Problem to work on
Set the whole listing down again, word for word, with no pictures.

Provided material
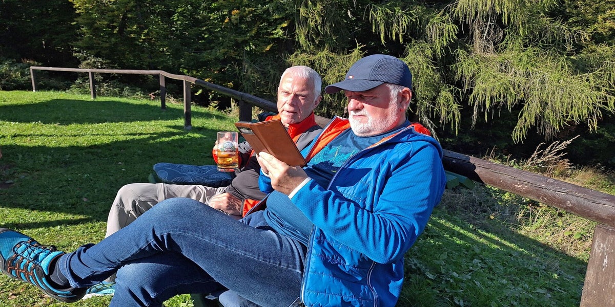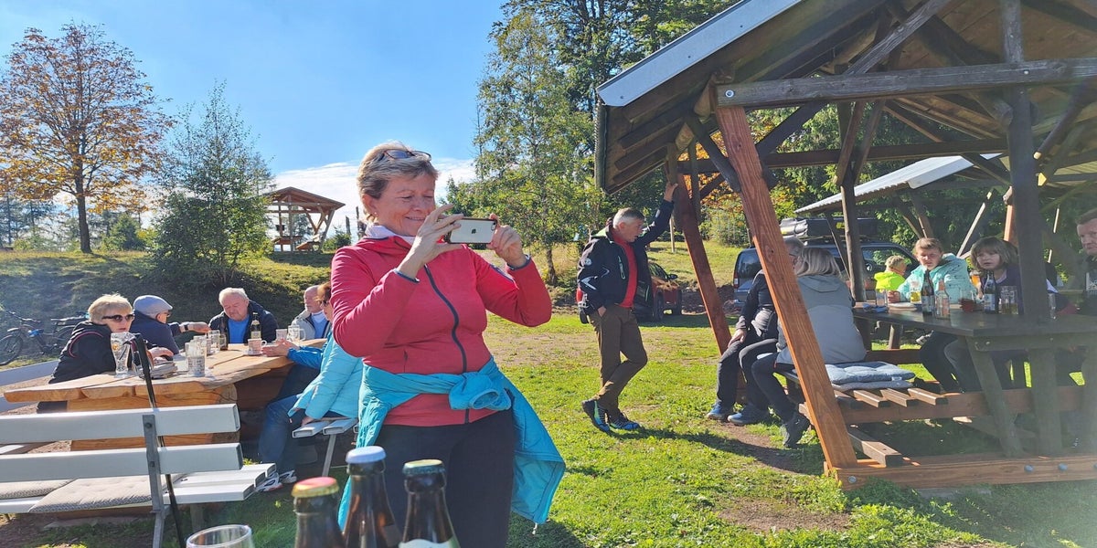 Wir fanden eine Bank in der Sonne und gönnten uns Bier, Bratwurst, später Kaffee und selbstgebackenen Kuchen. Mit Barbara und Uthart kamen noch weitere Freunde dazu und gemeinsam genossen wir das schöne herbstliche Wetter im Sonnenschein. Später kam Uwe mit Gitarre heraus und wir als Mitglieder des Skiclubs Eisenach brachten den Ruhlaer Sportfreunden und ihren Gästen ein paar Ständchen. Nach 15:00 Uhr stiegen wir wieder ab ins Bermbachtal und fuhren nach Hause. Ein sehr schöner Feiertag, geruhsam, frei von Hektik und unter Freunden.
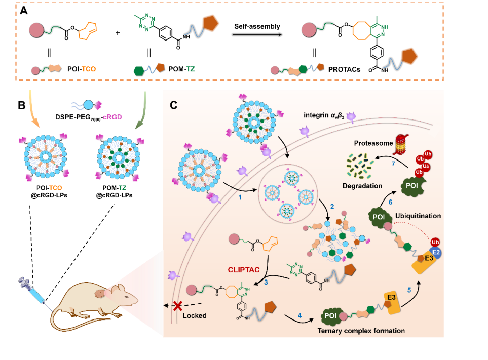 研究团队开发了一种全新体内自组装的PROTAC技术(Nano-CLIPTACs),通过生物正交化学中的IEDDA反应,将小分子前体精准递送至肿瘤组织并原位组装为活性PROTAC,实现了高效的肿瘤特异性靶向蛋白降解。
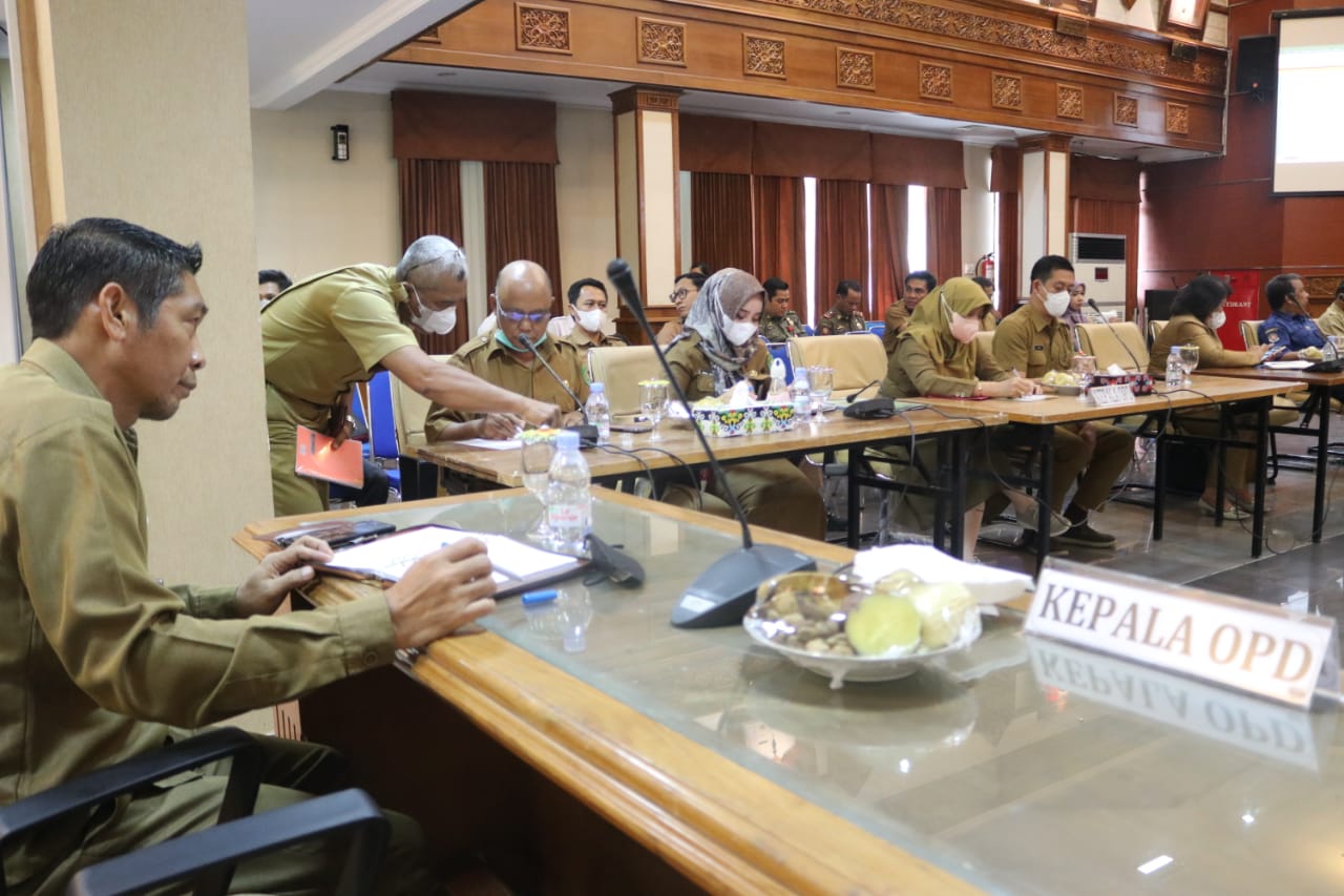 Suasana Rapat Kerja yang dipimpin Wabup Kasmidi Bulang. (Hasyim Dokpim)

Response for this exercise
 Wir fanden eine Bank in der Sonne und gönnten uns Bier, Bratwurst, später Kaffee und selbstgebackenen Kuchen. Mit Barbara und Uthart kamen noch weitere Freunde dazu und gemeinsam genossen wir das schöne herbstliche Wetter im Sonnenschein. Später kam Uwe mit Gitarre heraus und wir als Mitglieder des Skiclubs Eisenach brachten den Ruhlaer Sportfreunden und ihren Gästen ein paar Ständchen. Nach 15:00 Uhr stiegen wir wieder ab ins Bermbachtal und fuhren nach Hause. Ein sehr schöner Feiertag, geruhsam, frei von Hektik und unter Freunden.
 研究团队开发了一种全新体内自组装的PROTAC技术(Nano-CLIPTACs),通过生物正交化学中的IEDDA反应,将小分子前体精准递送至肿瘤组织并原位组装为活性PROTAC,实现了高效的肿瘤特异性靶向蛋白降解。
 Suasana Rapat Kerja yang dipimpin Wabup Kasmidi Bulang. (Hasyim Dokpim)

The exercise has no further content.